Urban development efforts often focus on visible outputs like housing units built, dollars invested, or business licenses issued as proxies for progress. While important, these economic indicators tell us little about how communities experience inclusion, legitimacy, or agency.
Cities should be incorporating trust- and belonging-based indicators into the evaluation of city planning efforts. Like what the GovLab’s recently published “Framework for Measuring Trust” emphasizes, trust in institutions is shaped by perceptions of competence, fairness, integrity, and empathy. Cities should design metrics that track whether residents feel listened to, whether they understand city processes, misperceive each other, and whether they believe public institutions act in their interest.
These indicators can shift how cities allocate resources, engage communities, design policies and ultimately fight polarization.
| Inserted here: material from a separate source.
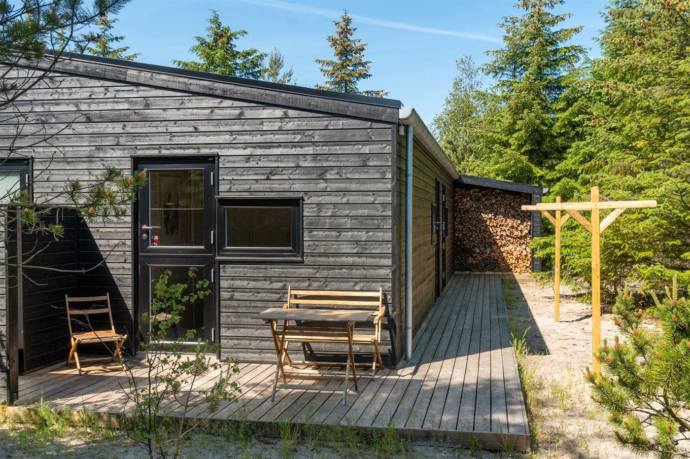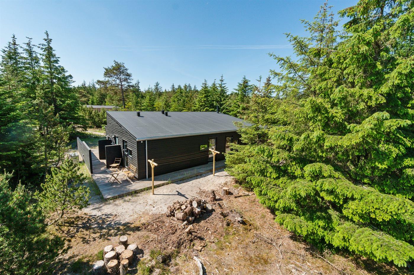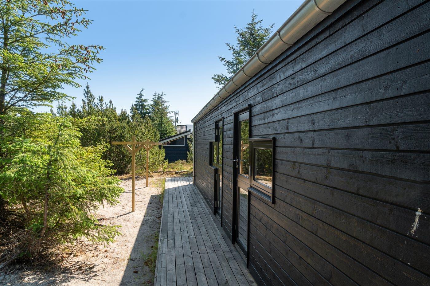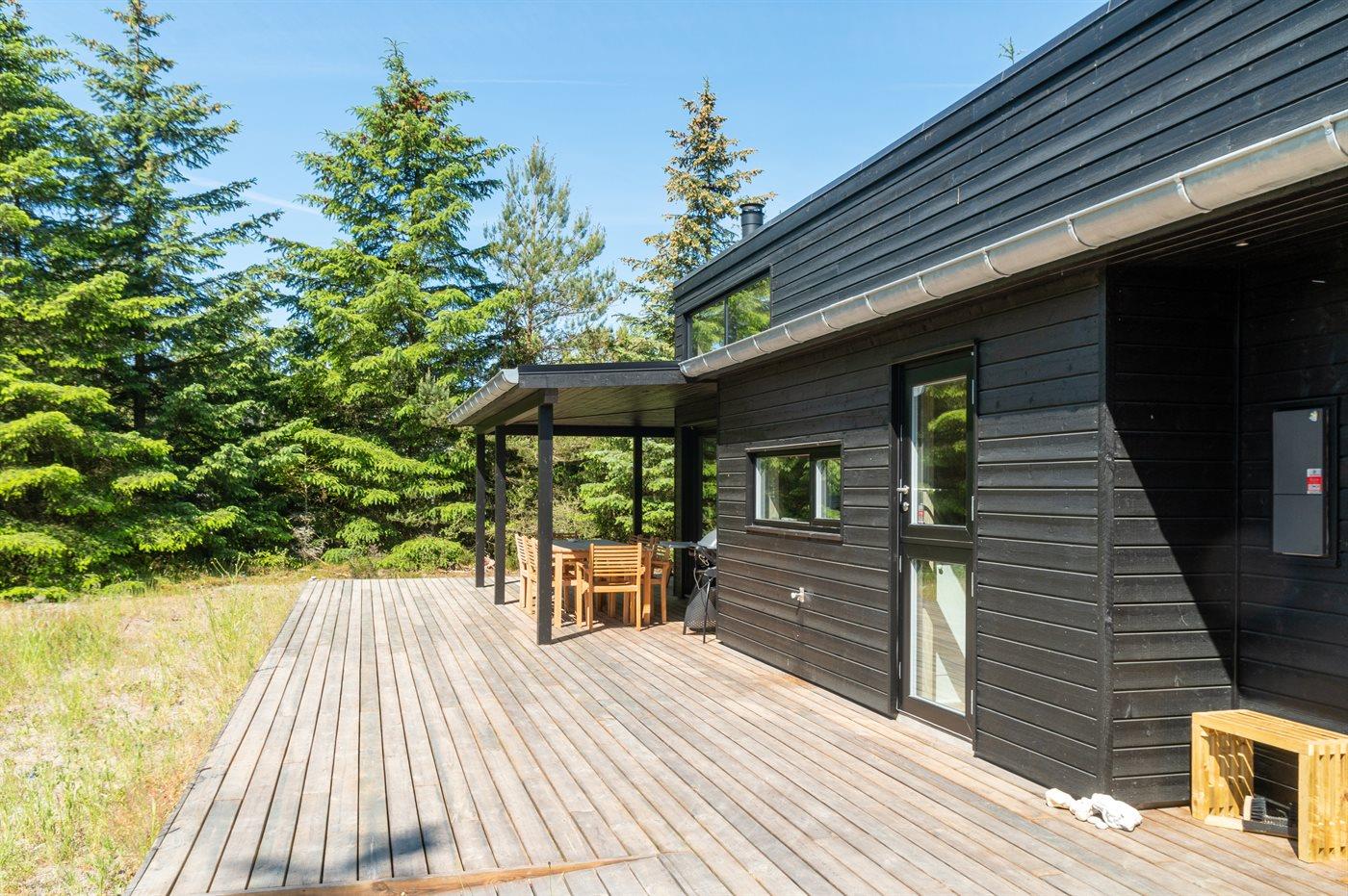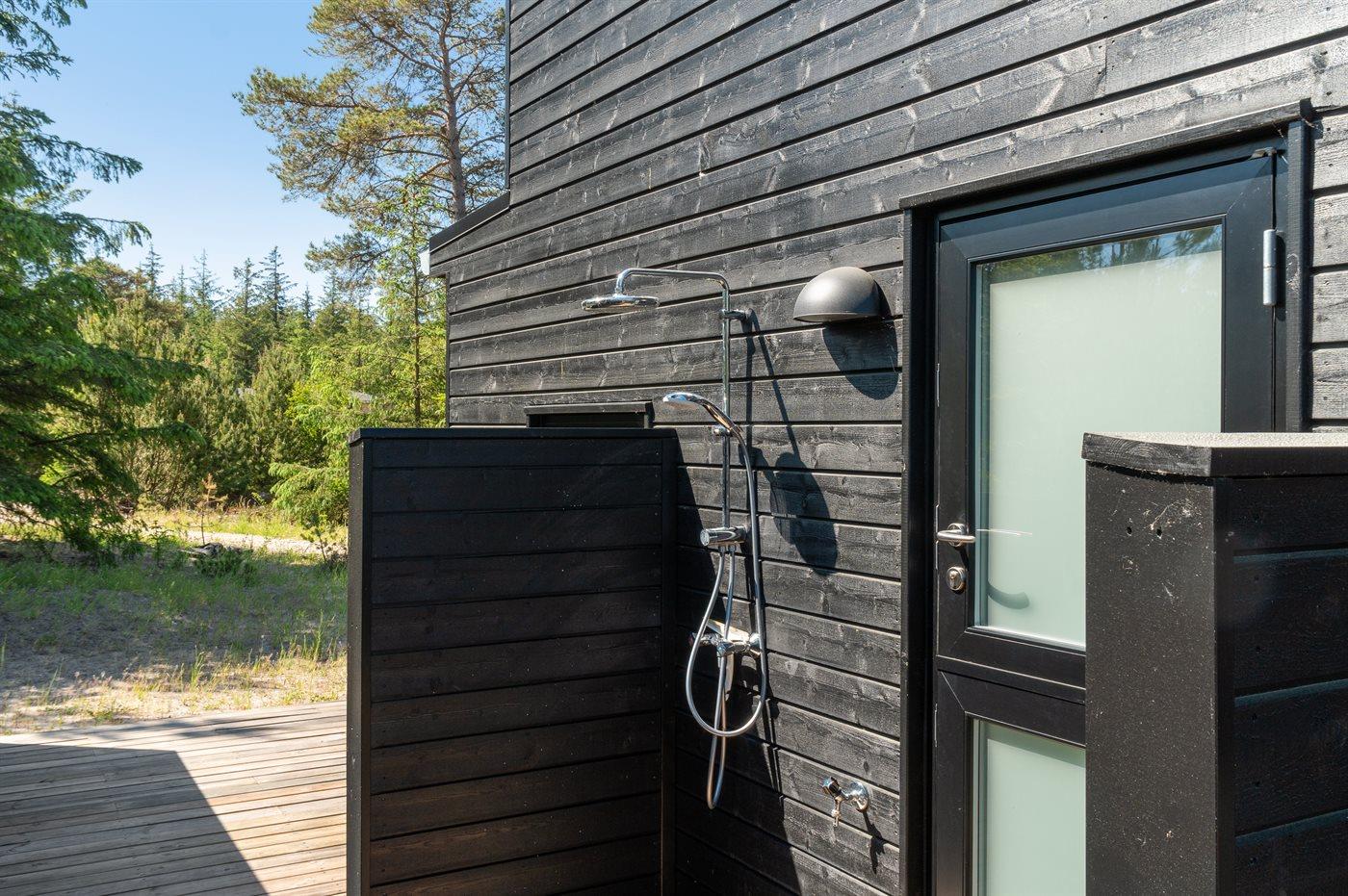 Ferieboligen er beliggende på en 1200 m² stor naturgrund. Der er 1300 m til havet. Nærmeste forretning er beliggende i en afstand af 5000 m. Der er en golfbane i en afstand af 10000 m. Til ferieboligen hører åbent terrasseareal. Desuden er der overdækket terrasse. Der ligger en legeplads i en afstand af 1500 m. Udendørs bruser. Grill til rådighed. Der er installeret stik til opladning af elbil. Type 2 stik. Med 22 kW ladeeffekt. Parkering ved ferieboligen.

A community may show rising property values and job creation, but if trust in local institutions is falling, the foundation is weakening. Real democratic resilience requires both.
Planning As Democratic Practice
We know urban planning is not just about zoning or infrastructure. It’s about shaping whose voices count, building cohesive communities and delivering on the promise that government is for all people.
In this moment, then, how do cities capture Americans’ desire to mend the fracturing of our democracy?
The good news: We don’t need to start from scratch. As highlighted in a recent Next City article by Runit Chhaya and Sapna Advani, urban designers are already borrowing lessons from political organizers: building trust, shifting timelines to prioritize listening, and empowering communities with accessible storytelling tools. Their work in New York’s Jefferson Houses exemplifies how design and trust-building can proceed hand in hand, even amid bureaucratic constraints.
Recent reflections by Daniel Yudkin of the Beacon Project suggest that Americans are ready for more meaningful civic engagement. In a recent survey, Yudkin and his team found that while national discourse is dominated by appeals to individual rights, the public still strongly values civic responsibilities. Americans across the political spectrum cited duties like obeying the law, protecting the environment, and fighting for others’ rights as ethical imperatives.
These findings underscore that, contrary to dominant polarization narratives, the American public holds a nuanced and duty-oriented view of citizenship — one that includes care for others and shared obligations.
Yudkin terms this mindset “connective responsibility,” the belief that engaging across lines of difference is not just beneficial but a moral and civic obligation. With seven out of every 10 Americans agreeing that they have a duty to engage with people unlike themselves, there’s a strong foundation on which to build participatory local institutions.
This moment isn’t just about top-down authoritarian overreach, it’s about bottom-up democratic potential. Cities can harness this untapped civic energy by embedding deliberative processes, inclusive planning and metrics of trust into everyday governance. The demand is there. Now cities must meet it.